DQMC Stacks

There are currently two "stacks" associated with DQMC which mostly hold matrices for the calculations involved. The first one is DQMCStack (in "DQMC/stack.jl") which is responsible for the main simulation and the latter is UnequalTimeStack (in "DQMC/unequal_time_stack.jl") which is responsible for time displaced greens functions.

DQMCStack

The DQMCStack struct contains:

the field_cache which includes a set of temporary variables used in local updates (see fields devdocs)
u_stack, d_stack and t_stack which hold on to a set of UDT decomposed matrices necessary to compute the next Greens function in imaginary time
a bunch of matrices and vectors which are used as short to mid term temporary buffers
greens which contains the current effective greens function (there is further computation needed to get to the correct greens function for measurements, see "DQMC/greens.jl")
infortmation about the current time slice, the total number, safe_mult blocks, etc
a buffer for the exponentiated interaction matrix
constant buffers for different forms of the exponentiated hopping matrix

Matrix product chain

To calculate the (equal time) Greens function at some time slice l we need to calculate

\[G(l) = [1 + B(l-1) B(l-2) \cdots B(1) B(M) \cdots B(l)]^{-1}\]
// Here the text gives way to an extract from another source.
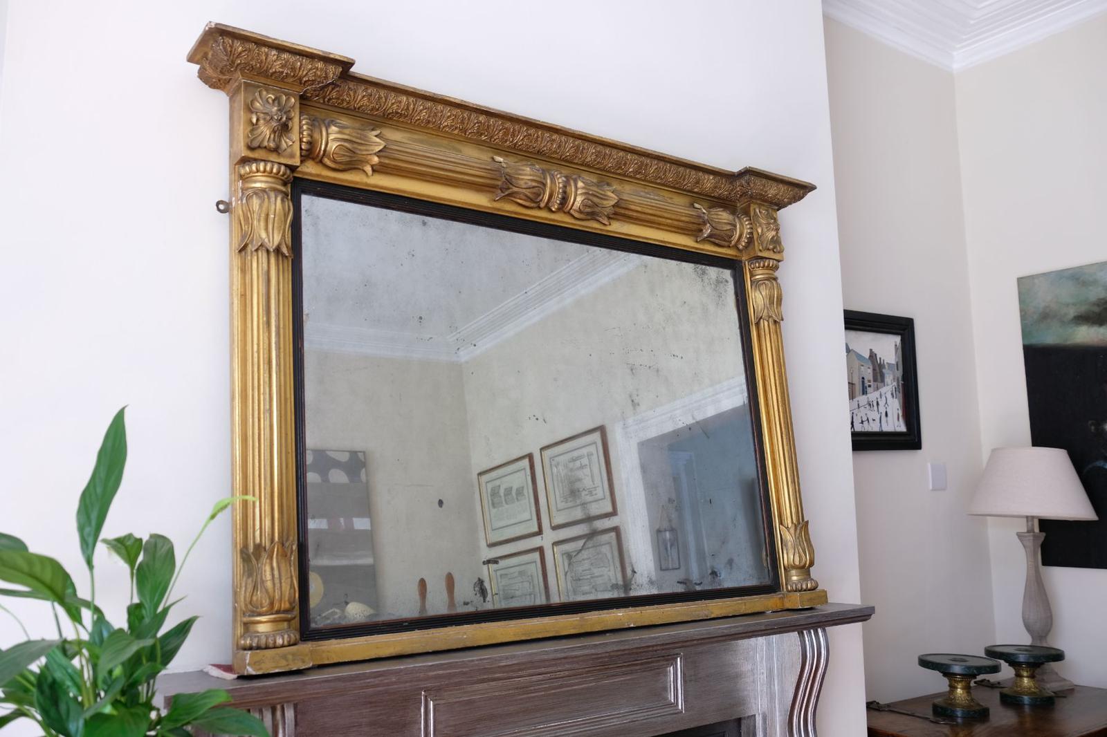 19th Century Overmantle Mirror Foxed Plate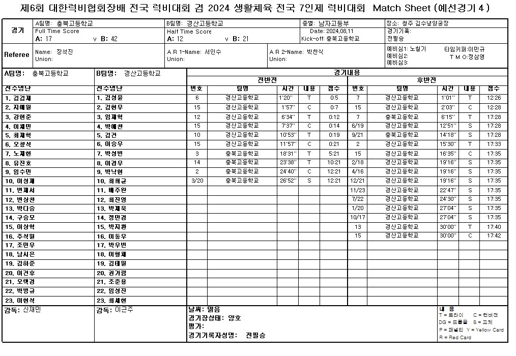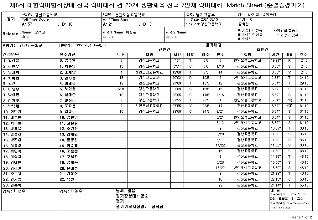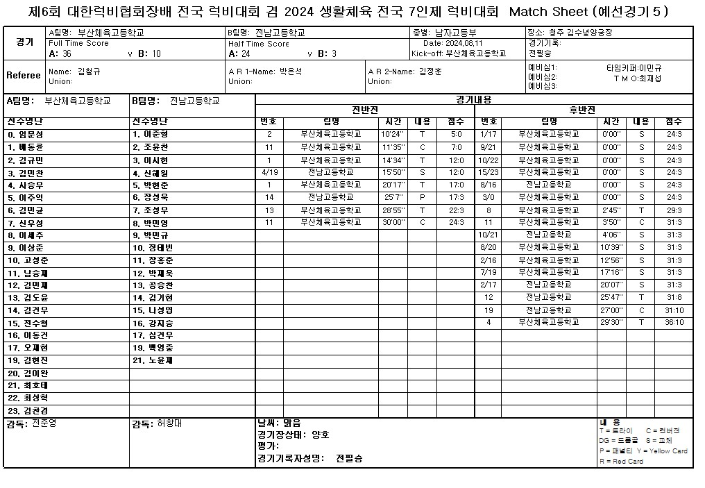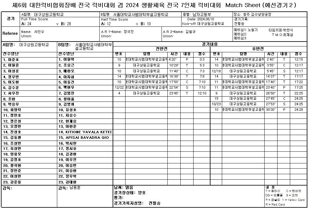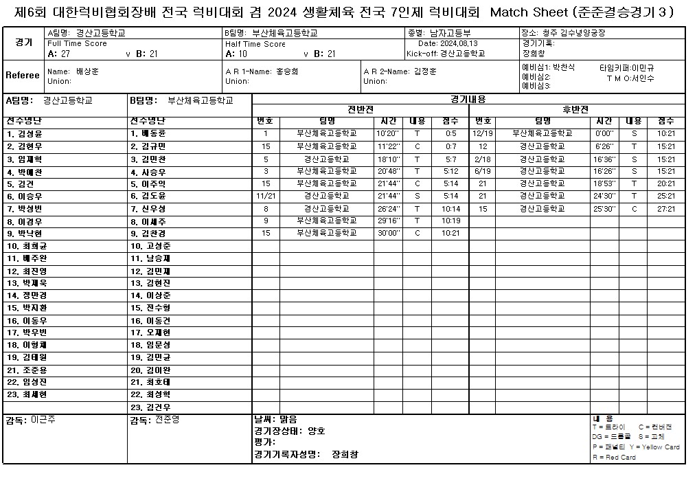 | 2024.08.13 16:20 | 경산고등학교 27 VS 21 부산체육고등학교 |

where $B(l) = e^{-\Delta\tau H(l)}$ are propagation matrices. Specifically we will need two matrix product chains here, $B(l-1) \cdots B(1)$ and $B(M) \cdots B(l)$. When the simulation runs, we alternative between going from l = 1 to l = M and back. Let us consider the former case for an example. We will need:

$I$ and $B(M) \cdots B(1)$ at l = 1
$B(1)$ and $B(M) \cdots B(2)$ at l = 2
$B(k-1) \cdots B(1)$ and $B(M) \cdots B(k)$ at l = k
$B(M-1) \cdots B(1)$ and $B(M)$ at l = M

Thus at the start we will want a full product chain for the right term and an empty chain i.e. an identity for the left side. In every step we multiply a propagation matrix to the left on the left chain and its inverse to right side of the right chain. The opposite direction then simply does the reverse of this.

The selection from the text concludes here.